Qraft

How Smartphones Changed 'Scanning' Forever

Scanning Was Once Expert-Only

Before smartphones, reading patterns required dedicated scanners costing tens of thousands of yen - tools only for factory workers, logistics staff, and hospital employees. The 2007 iPhone put a high-performance camera, processing power, and internet connection in everyone's pocket.

2017: The Tipping Point

Apple's iOS 11 added native pattern scanning to the standard Camera app - no app install needed. This 'zero-step' experience exploded usage. Google followed with Android. The entire global smartphone user base could now scan patterns.

Smartphone Penetration Equals Scanning Capability

Global smartphone penetration reached 68% (5.5 billion people) in 2024. In developing countries, smartphone-based pattern payments (Kenya's M-Pesa, India's UPI) gave hundreds of millions their first access to financial services - no ATMs or card readers needed.

Things Impossible Before Smartphones

Restaurant menu scanning, coupon retrieval from flyers, instant contact saving from business cards - all require universal scanner ownership.
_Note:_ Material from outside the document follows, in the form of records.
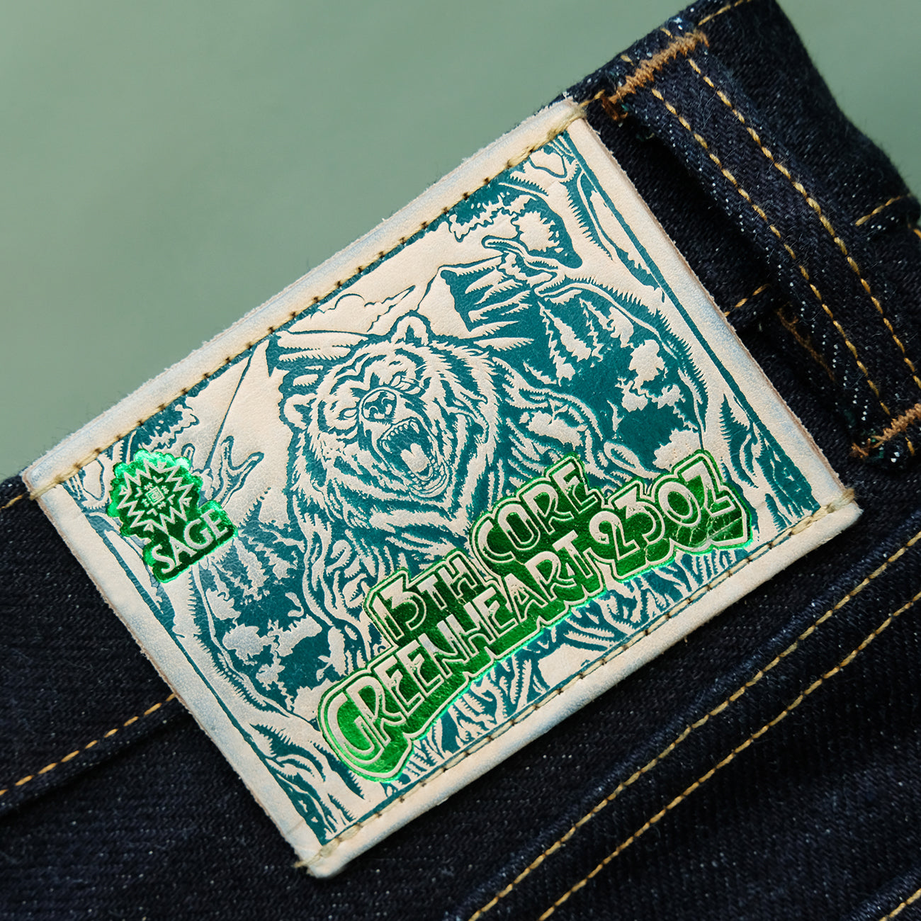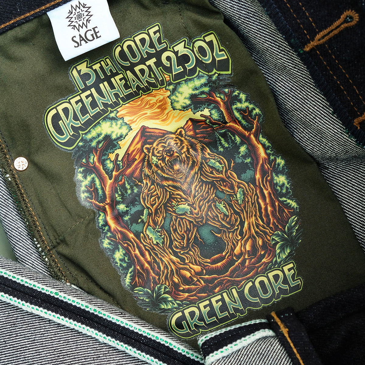 Sage Denim 13th Anniversary Special : The 13th Core Greenheart 23oz Unsanforized Deep Indigo Green Core Selvedge Denim
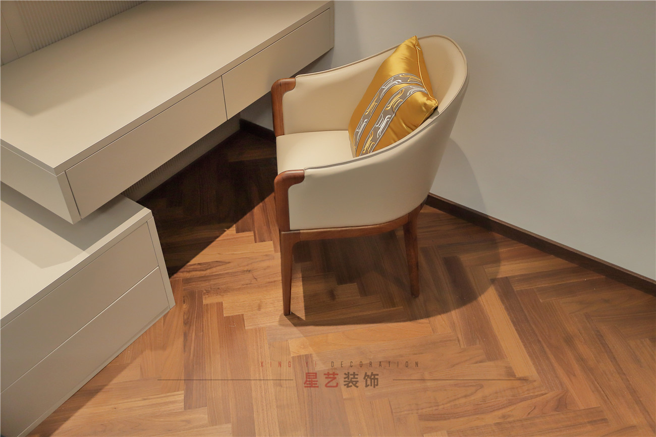 臥室用豐富的色彩搭配營(yíng)造了一個(gè)溫馨舒適的環(huán)境,若隱若現(xiàn)的山水背景墻和枝椏圖案仿佛處在春意盎然的環(huán)境中,感受自然的勃勃生機(jī)。旁邊就可以作為化妝間,屬于愛(ài)美女性的小天地。
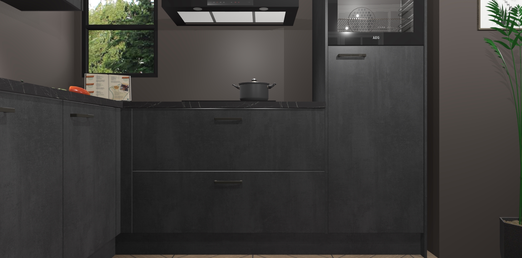 Inclusief plinten, stelpoten en werkblad
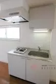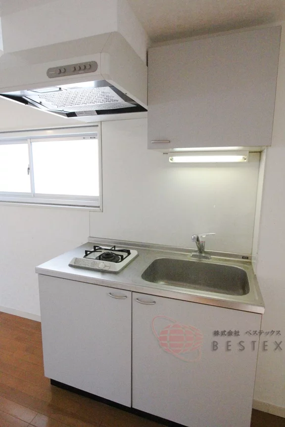 キッチンはガス1口コンロ完備のシステムキッチン。
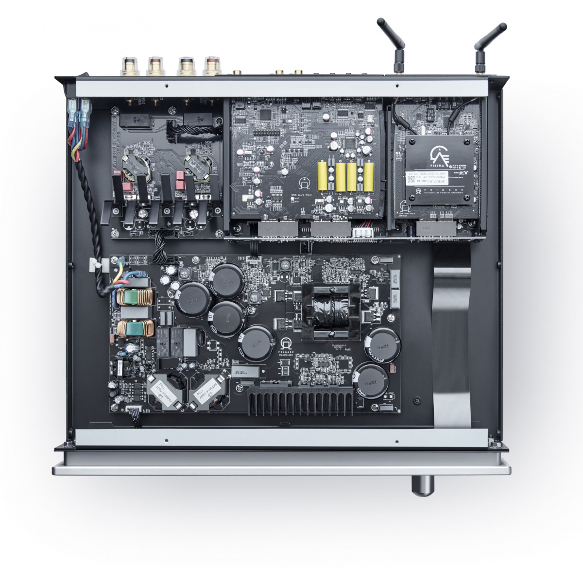 Интегральный усилитель, сетевой проигрыватель, ЦАП, ЦАП: 32-бит/768 кГц; DSD256 (11.2 мГц), выходная мощность: 2 х 100 Вт (8 Ом); 2 х 200 Вт (4 Ом), диапазон частот: 20 Гц - 20 кГц (-0,2 дБ), гармоники: 0.05%, соотношение сигнал/шум: 100 дБ, коэффициент усиления: 16,5 дБ, потоковые сервисы: DLNA/UPnP, Airplay, Bluetooth, Chromecast, Spotify, воспроизводимые форматы: WAV, LPCM, AIFF, FLAC, ALAC, WMA, OGG:, DSD, MP3, MP4, аудио входы: 5 х RCA, 2 х S/PDIF (RCA), 4 x Toslink, 1 x USB-B, 1 x USB-A, 1 x Ethernet (RJ45), WiFi (2.4/5 гГц), аудио выходы: 2 х RCA, 1 х S/PDIF (RCA), габариты: 430 x 420 x 106 мм, вес: 11 кг, цвет: черный.
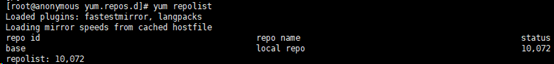 本地源已完成,使用yum repolist罗列出配置的仓库的软件包
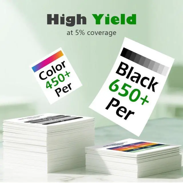 High printing page count : up to 600 Pages for 60XL black ink cartridge, up to 450 Pages for 60XL tri-color ink cartridges (Based on 5% coverage of A4 paper)
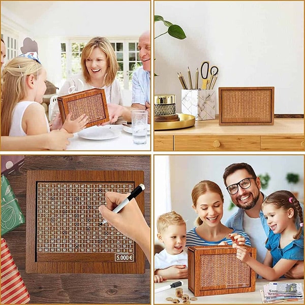 Uzstādiet savu COINSAVE naudas krājkasi dažu minūšu laikā! Komplektā iekļautais marķieris un ietaupījumu lapiņas atvieglo personalizēšanu. Tas ir elegants dizains, kas nevainojami iederas jūsu mājās vai birojā.
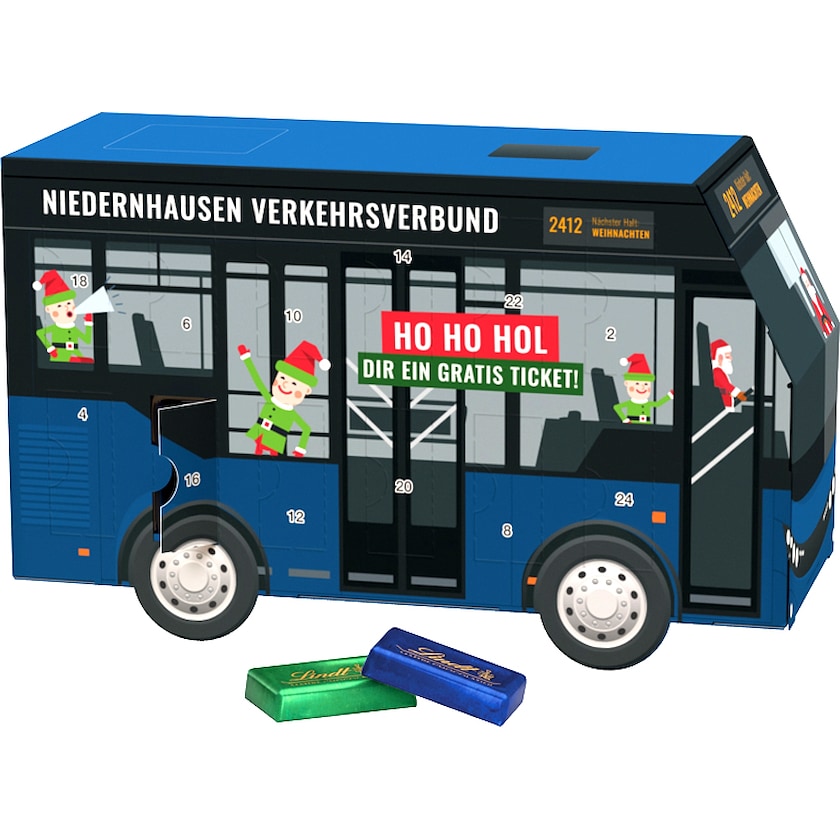 Einzigartiger Adventskalender mit hochwertiger Lindt-Schokolade. Gefüllt mit Lindt-Schokolade (Milchschokolade). Die Schokoladenstücke sind in drei verschiedenen Folienfarben erhältlich. Der Favorit aller Busfahrer – perfekt für die Transportbranche.
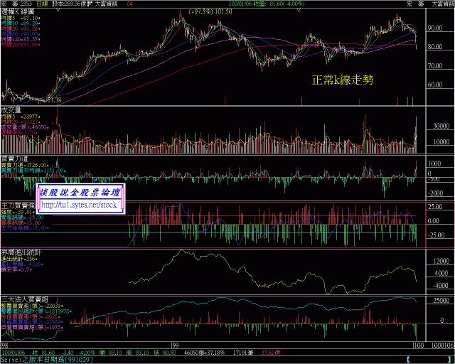 首先跟大家道歉一下 , 其實這張圖 , 不是真正的走勢 .我耍了點小心機 , 把 k 線給翻轉過來 , 讓漲的變跌的 , 讓跌的變漲了 .下面那張才是真正的走勢圖 ..看到了那張圖之後 , 你的看法又是如何呢 ?跟原先的想法相同嗎 ?其實我的用意在 , 有些人只會作多 , 而看不懂空頭走勢 , 所以如果把k線圖顛倒過來 , 做空也好像做多一般簡單 , 也看的懂了 ..
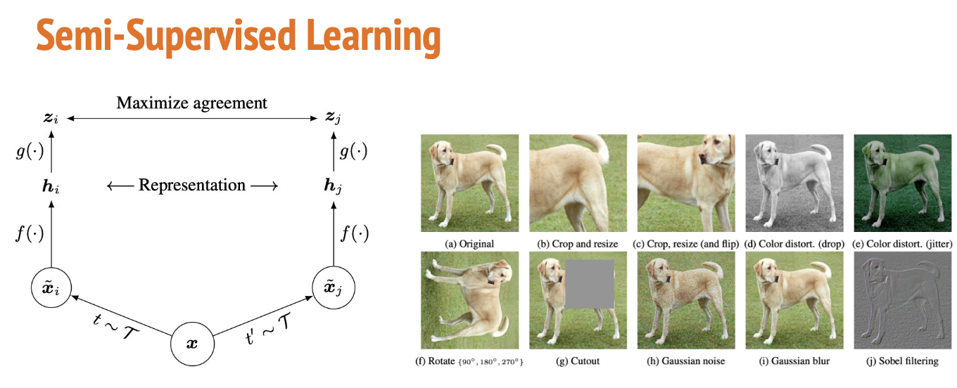 혹은 두 개의 다른 이미지로부터 특징을 뽑으면 다른 것이 나와야 된다 라고 하는 그런 조건을 가지고 학습 하게 된다면 이 이미지에 어떤 공통적인 특성들, 유의미한 특성들을 추려내게 될 수 있고 이렇게 Unlabeled된 데이터로부터 정보를 추려내서

The flip side: those without smartphones are excluded, creating digital divide concerns.

Next: AR Glasses?

AR glasses (Apple Vision Pro, Meta Ray-Ban) could eliminate even the 'take out phone' step, automatically reading patterns in your field of view. But price, battery life, and social acceptance challenges mean smartphones will remain the primary scanner for years to come.